If anyone wanted a kit or even parts they can email me, although I do run the CNC as a business the CriCri side of things is more a hobby. I would just do the kits or parts if/when someone wanted them.
Here are yet more pictures, the fuselage has FINALLY come together. I have a lot of drilling, countersinking and dimpling ahead of me.
I bent the corner angle aluminium for the front fuselage half using a rubber mallet and a custom formed wood jig (custom formed as in was lying around and fit the purpose:gig The manual says to pull the angle section through a shaped block of wood to get the bend in it. I didn't think the former blocks would be as accurate as I liked and hammering stuff:hammer: has its therapeutic side to it:devious: I think I may have to do it all over again once the angle is drilled and countersunk due to more internal stresses being released (what a pity more hammering :gig::gig The angles were then drilled to fit the skins, first the sides and then the bottom. I also cut out the notches in the angles to fit the spars, both lower angles are cut like this.
I had a few trial runs at fitting things together and pinned the parts with the 'T' pins. once I was sure things were lining up I started drilling and holding it with clecos. I have only drilled about every third hole or so. I will go back over it later and drill all the holes.
Everything lines up really well and not having to check anything for square as I go makes it much easier.

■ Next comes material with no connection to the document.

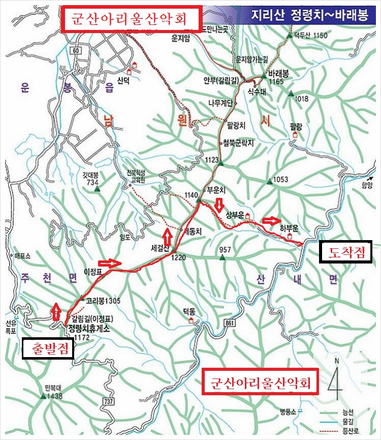 정령치(1,172)--고리봉(1,305)--이정표--세걸산(1,220)--부운치(1,140)-- 상부운마을--하부운마을- -버스탑승---지리산토비스야영장

More progress today, I think the biggest parts of this plane are about tacked together. Most of the remaining parts won't be as fast to go together and will be smaller.
Today I started to put in the spar box together inside the fuselage, as I mentioned earlier it wont be completely assembled until the spar is glued and riveted.
I started to fit the cockpit side rails, very disappointed with the fit:dis:, I creased one side trying to get it to conform to the correct shape. The parts need about a 10mm deeper curve on on them than what the plans show, I think I will redraw it and make a new set including a new fold former. The curve is matched to the fuselage side where it may be easier to match it to the top edge. Its easier to stretch the 20mm wide flange in 0.020"2024T3 than it is to shrink it.
I also fitted one side of the control column mount.
I FINALLY remembered to take my soldering iron to the workshop. It comes in very handy for removing the PVC from on the parts when they touch and still leave it where it protects the aluminium.